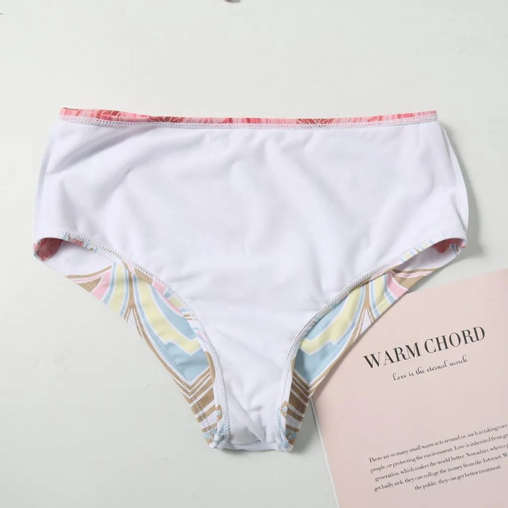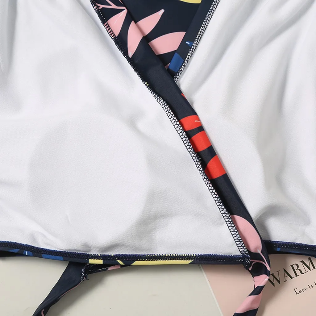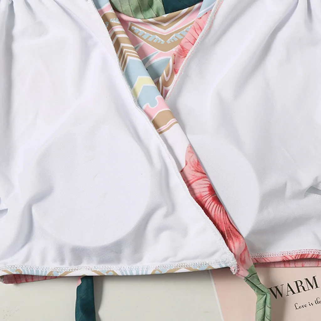 Womens Sexy Deep V Print Short Sleeve Bow Bandage Backless Bikini Split Swimsuit
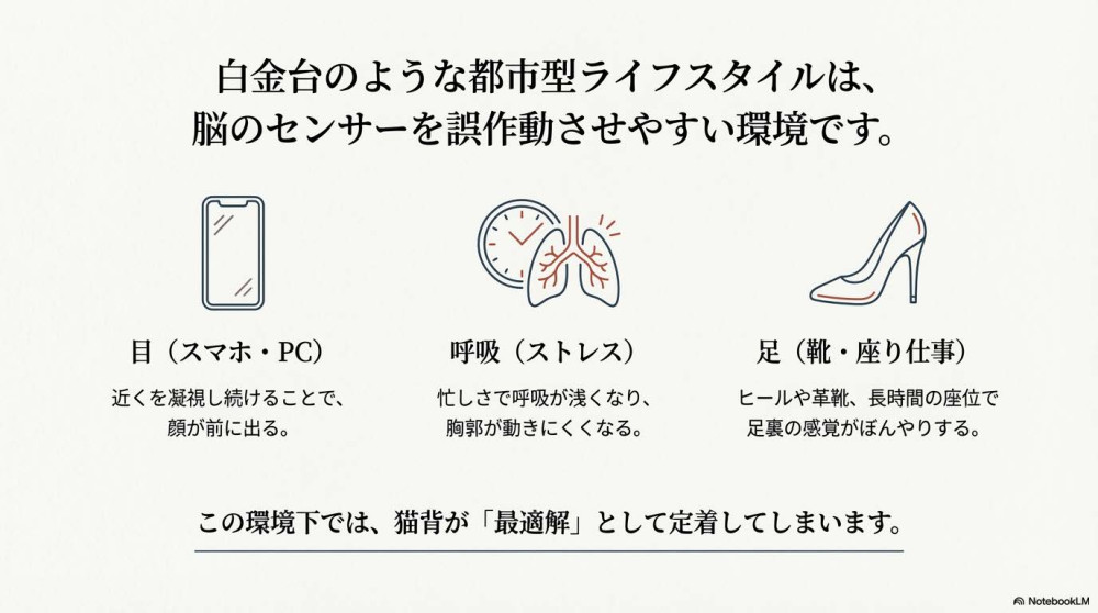 白金台のオフィス街を歩いていると、スマホを見ながら背中を丸めて歩く人をよく見かける。カフェでPC作業している人も、気づいたら画面に顔が近づいている。そして多くの人が「猫背を直したい」と整体院を探している。
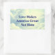 This whimsical sticker features the inspirational message "Love Makes America Great Not Hate" set against a serene sky with soft clouds, symbolizing hope, unity, and positivity. Finished in a soft oil paint art print.
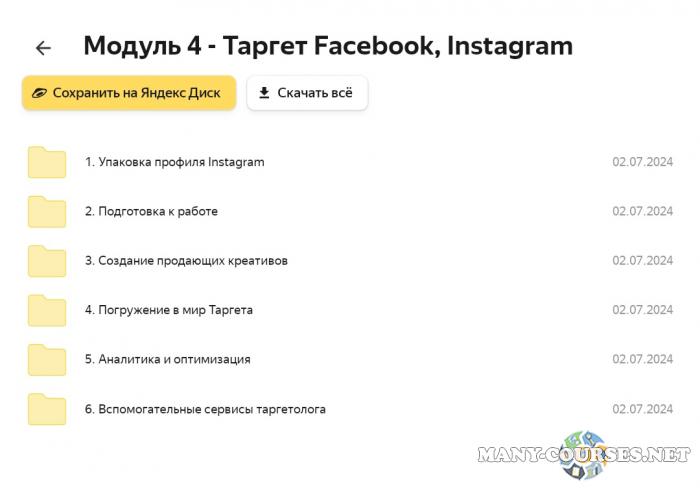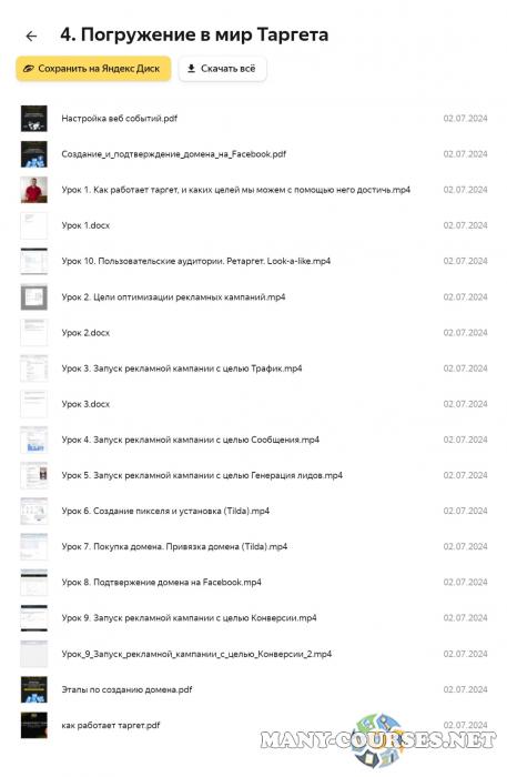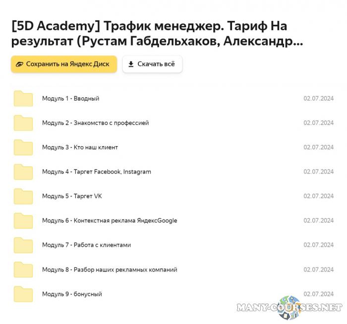 5D Academy / Рустам Габдельхаков - Сам себе таргетолог-с нуля до первого клиента. Тариф На результат (2021)Юрий Санько - Target Camp. Тариф Я в командеПолина Бондарева - Контекстная реклама в Яндекс с нуля. Тариф Самостоятельный (2023)ConvertMonster - Специалист по трафику. Трафик-менеджер 2.0 (2020)Пётр Александров / WPnew - Продвижение сайтов в яндексе и google от А до Я
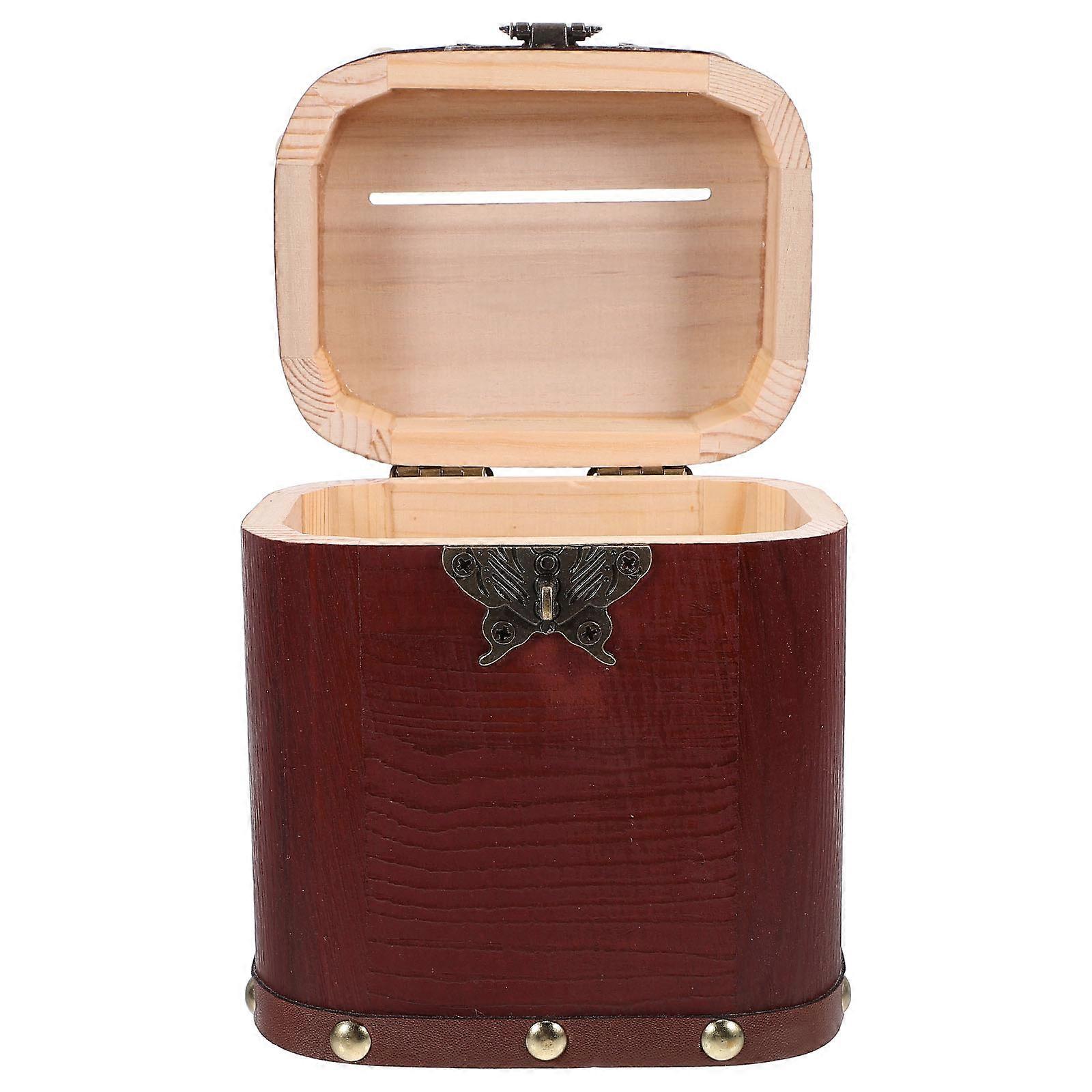 Wooden Money Box Secure Lock Box for Kids Retro Storage Chest
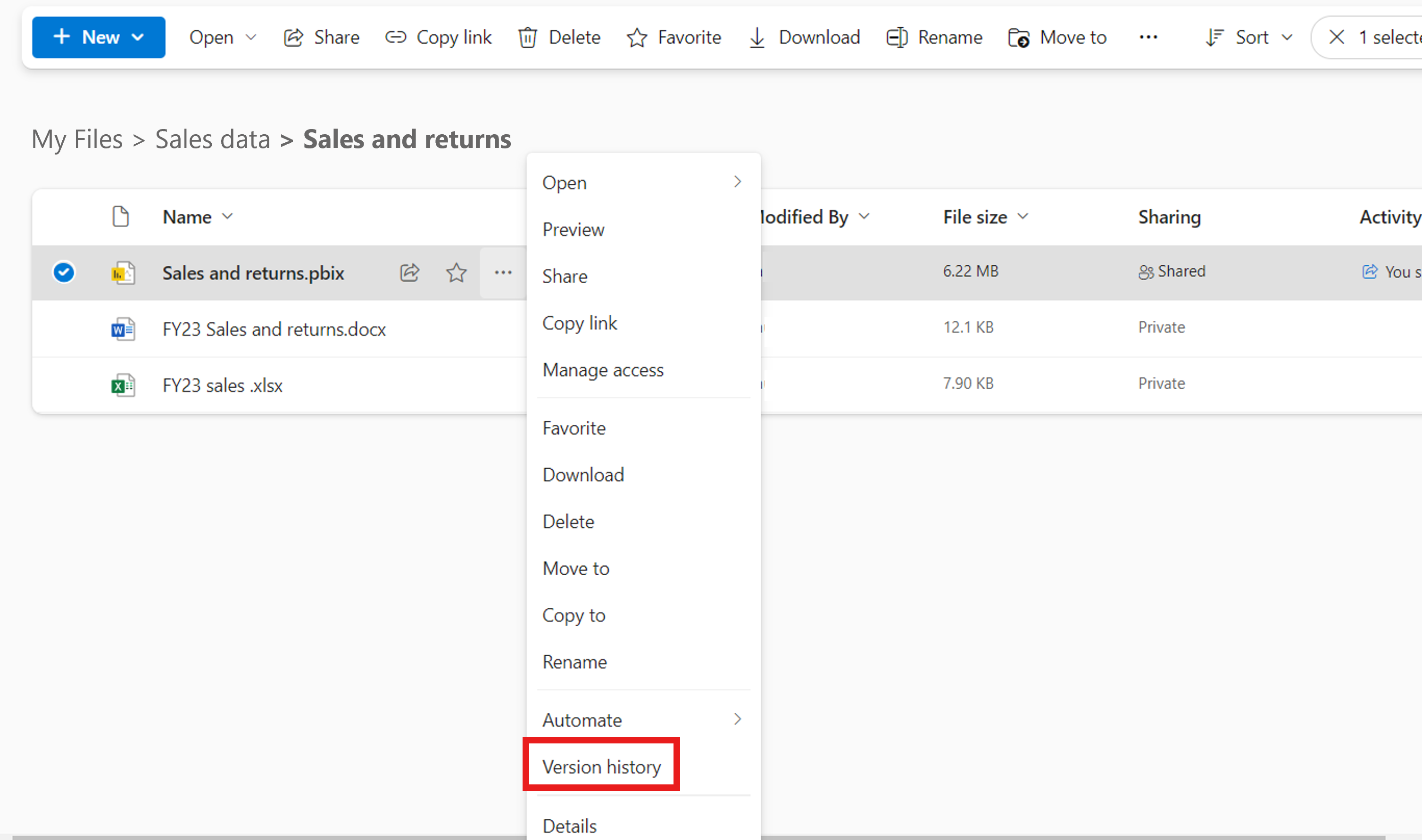 U kunt de versiegeschiedenis van uw Power BI-bestand online bekijken via uw OneDrive- of SharePoint-documentbibliotheek. Selecteer de drie puntjes rechts van het bestand en selecteer Versiegeschiedenis. Versiegeschiedenis kan niet rechtstreeks vanuit Power BI Desktop worden weergegeven.
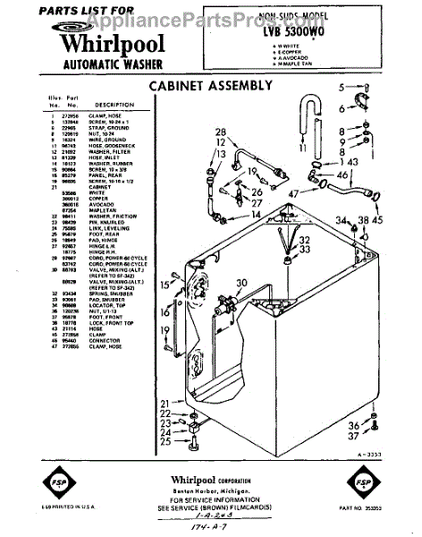 Parts for Whirlpool LVB5300W0: 01 - Section Parts
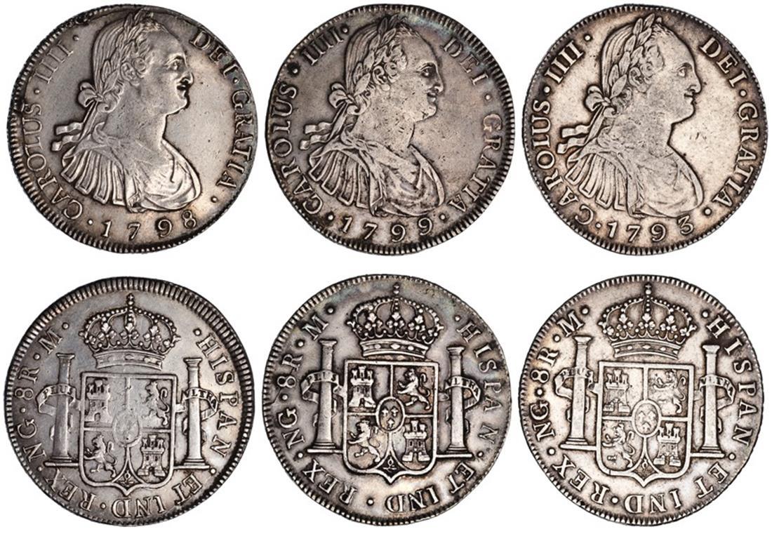 Guatemala. Carlos IV (1788-1808). Trio of 8 Reales: 1793, 1798, 1799 M NG. Nueva Guatemala. Laureate, draped and cuirassed bust right, rev. Crowned Arms flanked by Pillars. KM 53. Lightly toned. Very Fine. (3)
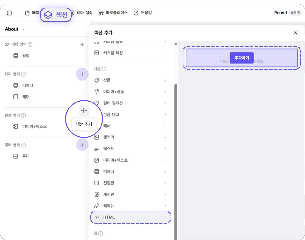 Step 2. 섹션 메뉴에서 HTML 섹션을 선택해 원하는 위치에 추가해 주세요.
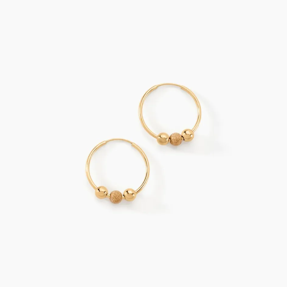 Créoles Or Jaune 375/1000 Boules Effet Lisse Et Sablé Fil Flexible Lisse Largeur 1.2mm Diamètre 20mm
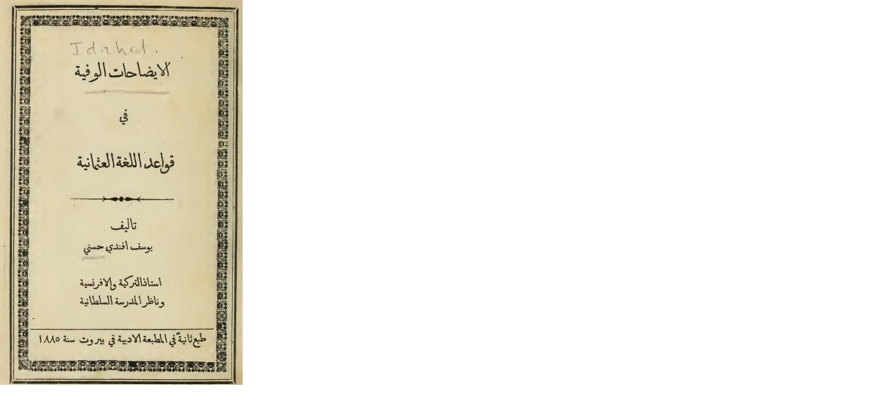اضغط على كتاب الايضاحات الوفية في اللغه العثمانيه تاليف يوسف افندي حسن استاذ التركيه والافرنسية وناظر المدرسه السلطانيه في الدوله العثمانيه طبع عام 1885م وانتهت حقوق الملكيه ونشر على موقع اركايف بواسطة جامعة تورنتو
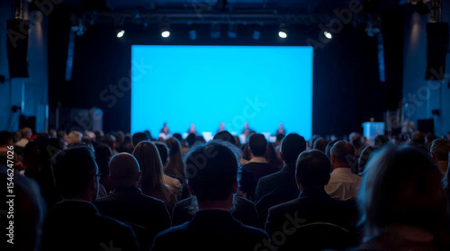 Business and entrepreneurship symposium. Speaker giving a talk at business meeting. Audience in the conference hall. Rear view of unrecognized participant in audience
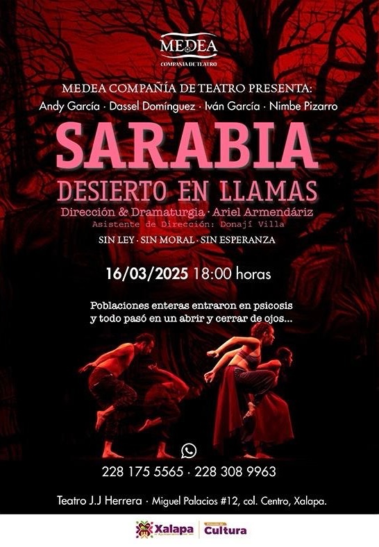 Finalmente, a las 18:00 horas, en el Teatro J. J. Herrera, se tendrá la obra “Sarabia, desierto en llamas”, de Medea Compañía de Teatro.
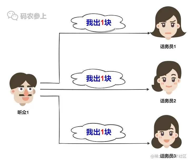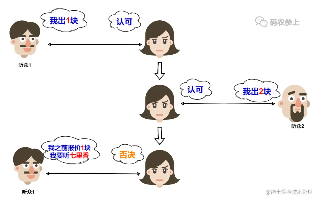 无奈,听众1只能回到第一阶段,从报价开始再重头走一遍流程。并且这次,他把报价提升到了3块。
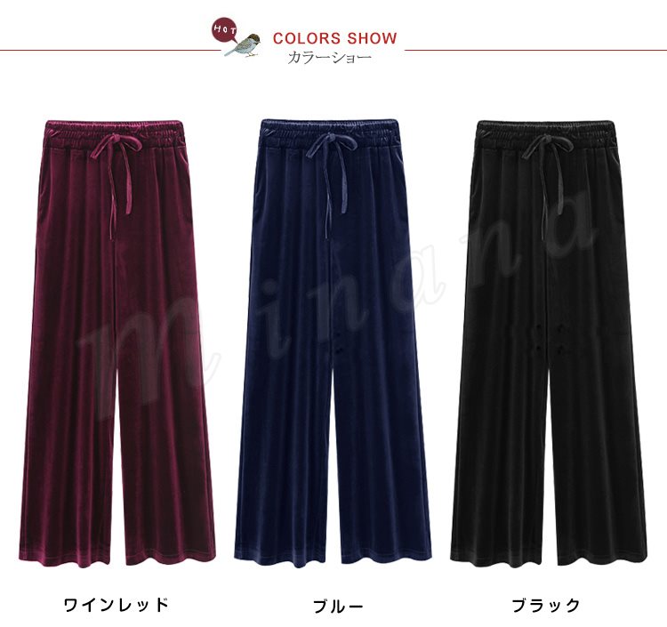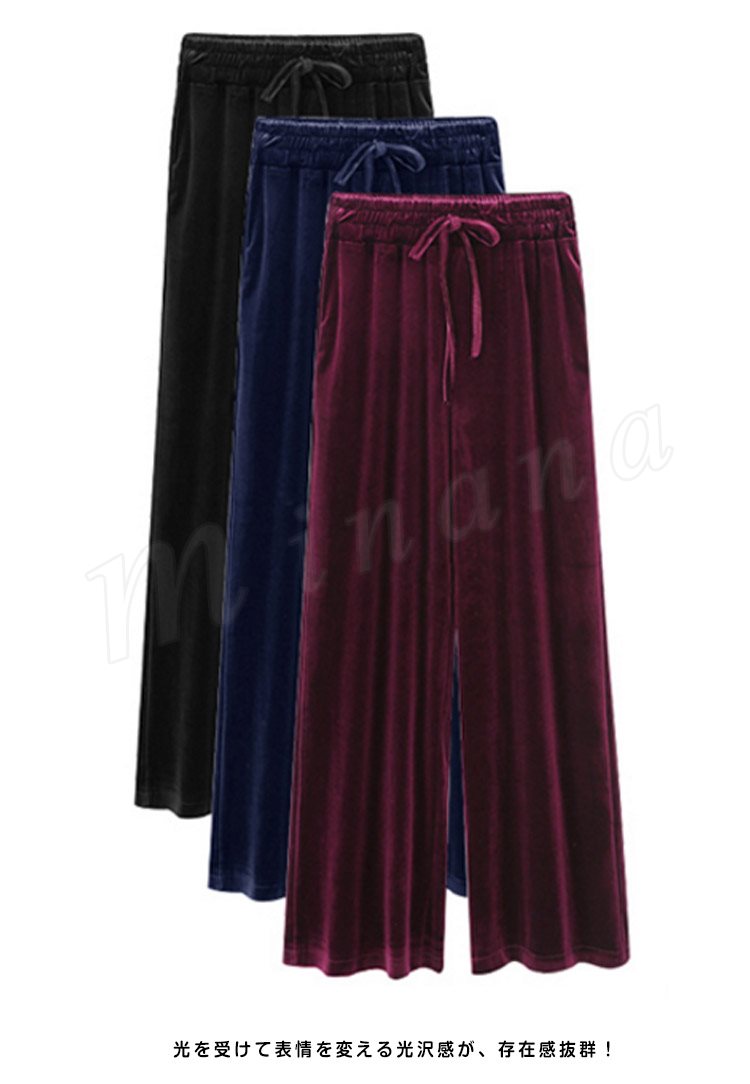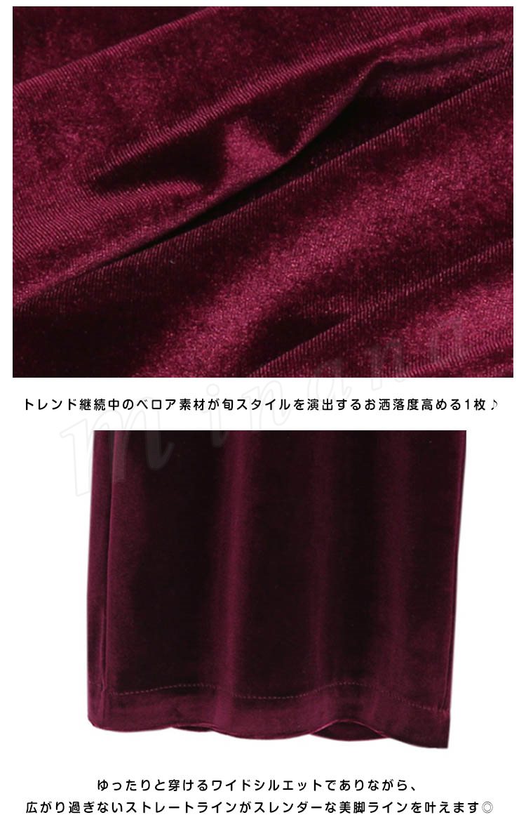 ストレート パンツ ベロア ワイドパンツ ガウチョパンツ ベロア ロングパンツ ストレート ワイドパンツ ボトムス パンツ ワイドパンツ 秋
● ● ●
▶ _HOW TO COMPLETE THIS TASK_: Word-for-word output of every record is needed, with images omitted.

▶ _RESULT BELOW_:
 Womens Sexy Deep V Print Short Sleeve Bow Bandage Backless Bikini Split Swimsuit
 白金台のオフィス街を歩いていると、スマホを見ながら背中を丸めて歩く人をよく見かける。カフェでPC作業している人も、気づいたら画面に顔が近づいている。そして多くの人が「猫背を直したい」と整体院を探している。
 This whimsical sticker features the inspirational message "Love Makes America Great Not Hate" set against a serene sky with soft clouds, symbolizing hope, unity, and positivity. Finished in a soft oil paint art print.
 5D Academy / Рустам Габдельхаков - Сам себе таргетолог-с нуля до первого клиента. Тариф На результат (2021)Юрий Санько - Target Camp. Тариф Я в командеПолина Бондарева - Контекстная реклама в Яндекс с нуля. Тариф Самостоятельный (2023)ConvertMonster - Специалист по трафику. Трафик-менеджер 2.0 (2020)Пётр Александров / WPnew - Продвижение сайтов в яндексе и google от А до Я
 Wooden Money Box Secure Lock Box for Kids Retro Storage Chest
 U kunt de versiegeschiedenis van uw Power BI-bestand online bekijken via uw OneDrive- of SharePoint-documentbibliotheek. Selecteer de drie puntjes rechts van het bestand en selecteer Versiegeschiedenis. Versiegeschiedenis kan niet rechtstreeks vanuit Power BI Desktop worden weergegeven.
 Parts for Whirlpool LVB5300W0: 01 - Section Parts
 Guatemala. Carlos IV (1788-1808). Trio of 8 Reales: 1793, 1798, 1799 M NG. Nueva Guatemala. Laureate, draped and cuirassed bust right, rev. Crowned Arms flanked by Pillars. KM 53. Lightly toned. Very Fine. (3)
 Step 2. 섹션 메뉴에서 HTML 섹션을 선택해 원하는 위치에 추가해 주세요.
 Créoles Or Jaune 375/1000 Boules Effet Lisse Et Sablé Fil Flexible Lisse Largeur 1.2mm Diamètre 20mm
اضغط على كتاب الايضاحات الوفية في اللغه العثمانيه تاليف يوسف افندي حسن استاذ التركيه والافرنسية وناظر المدرسه السلطانيه في الدوله العثمانيه طبع عام 1885م وانتهت حقوق الملكيه ونشر على موقع اركايف بواسطة جامعة تورنتو
 Business and entrepreneurship symposium. Speaker giving a talk at business meeting. Audience in the conference hall. Rear view of unrecognized participant in audience
 Finalmente, a las 18:00 horas, en el Teatro J. J. Herrera, se tendrá la obra “Sarabia, desierto en llamas”, de Medea Compañía de Teatro.
 无奈,听众1只能回到第一阶段,从报价开始再重头走一遍流程。并且这次,他把报价提升到了3块。
 ストレート パンツ ベロア ワイドパンツ ガウチョパンツ ベロア ロングパンツ ストレート ワイドパンツ ボトムス パンツ ワイドパンツ 秋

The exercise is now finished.